Thursday 2019/12/19, 7pm
Piano players and, to a lesser extent, guitar players are lucky. Without the need of having any one else in the room they can sit down and play unaccompanied music. Depending on their individual skill level they can do it all. Melody, harmony, rhythm, dynamics and sonic shadings. It’s all there under their finger tips. Horn players, woodwinds, string players, drummers and bass players are not that fortunate and usually have the need for other musicians in the mix to complete the musical picture. At an individual level that is a drawback but it does force those musicians into ensembles that can go beyond the limitations of individual solo performances. One such musical configuration is the jazz combo and lucky for us in Cranbrook-Kimberley area we have been recently blessed with another Jazz group. TAKE 4, featuring Randi Marchi on trumpet, fluegelhorn, valve trombone, guitar and vocals; Jim Cameron on electric bass; Steen Jorgensen on drums and tenor sax and Tim Plait on piano. All of these musicians are locals. Some, Randi Marchi and Tim Plait, have been away to other parts of Canada and the world and have returned to the Kootenays and our little slice of paradise. The group is newly formed and, I believe, this is their second engagement. For well schooled musicians such as these the advantage of playing jazz is that there is a vast standard repertoire of tunes that players can easily access. From simple tunes way up to very technical, and very complex music there is a lot of music out there to explore. Last Thursday night at Soul Foods the group served a varied mixture of tunes that included Beginning to See the Light, Satin Doll (Duke Ellington’s masterpiece), Summertime (from George Gershwin’s Porgy and Bess), Blue Skies, King of the Road ( Roger Miller’s 1964 Hit song), All of Me (written in 1931), Beyond the Sea (Bobby Darin’s 1959 hit) and my all time favorite, A Day in the Life of a Fool, or as I prefer to remember it as, Manha de Carnival (Morning of the Carnival) from the magnificent 1959 Academy Award winning film Black Orpheus. This film introduced western audiences to the wonders of Bossa Nova and the music of Antonio Carlos Jobim and Luis Bonfa.The second set kicked off with The Way You Feel Tonight, Don’t Get Around Much Anymore (it is a 1940 classic by Duke Ellington originally called Never No Lament), and Quando, Quando, Quando ( originally a 1962 Italian Pop song written in the Bossa Nova Style).
Here are some images from the first set:
Towards the end of the evening Take 4 was joined on stage by Randy Tapp on tenor sax and Shindo Murata on valve trombone to play the tunes Flip Flop and Fly, Route 66 and Van Morrison’s Moon Dance.
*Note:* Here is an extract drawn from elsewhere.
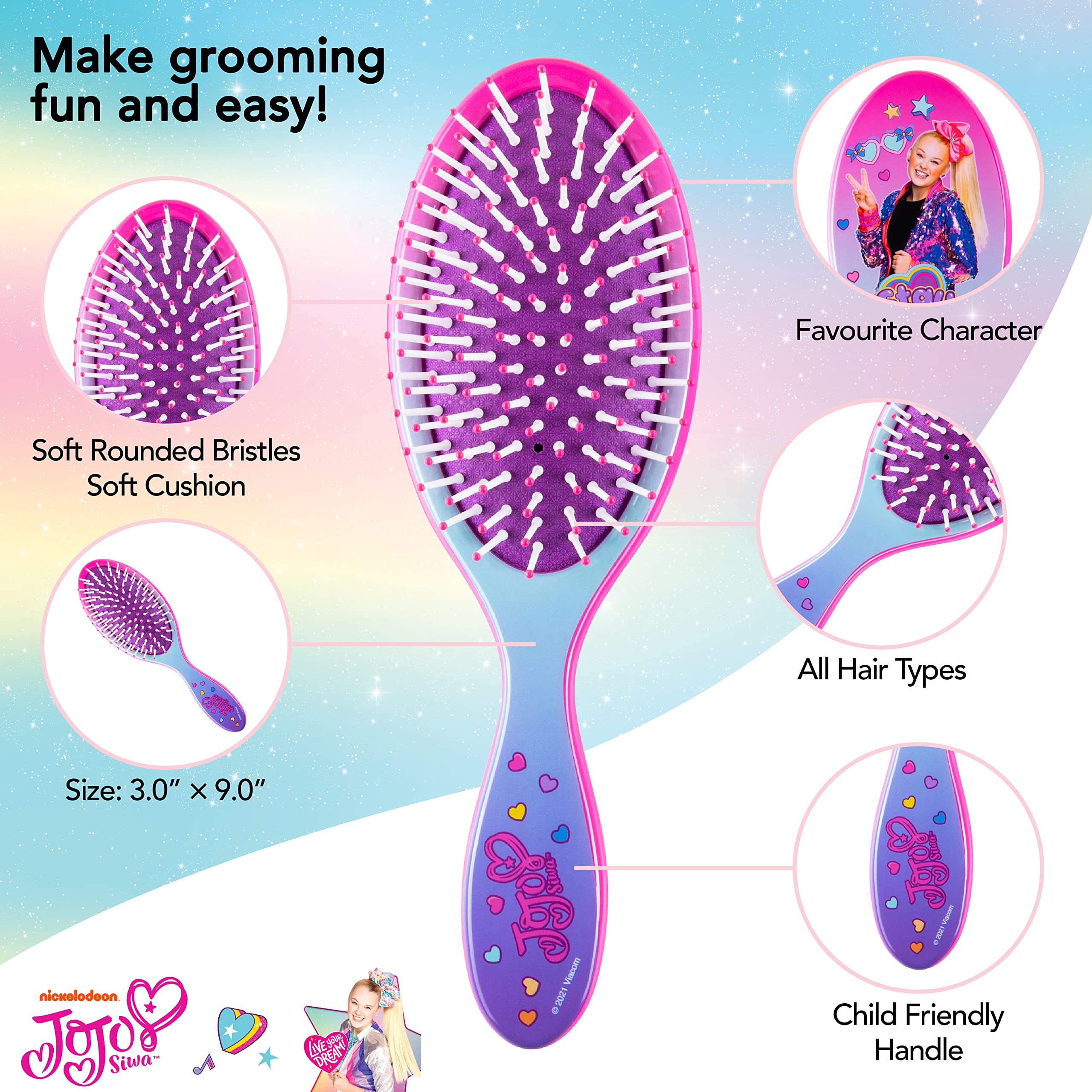 Gentle Detangling: This Hair Brush is made with rounded end bristles to stimulate blood flow to the scalp for healthier hair. It's a detangler brush designed with wide gaps between each bristle making it less likely for hair to break with a Child Friendly Handle

During these performances a young musician from the audience sat in on drums while Steen Jorgensen moved up front to join the horn section on tenor sax. For me the resulting sound brought back memories of the magnificent Gerry Mulligan Concert Band recordings from the 1960s. Bobby Brookmeyer’s valve trombone was part of the signature sound of that band.
Soul Foods seems to have become a hot bed of live music with live performances every Thursday evening 7-9 pm.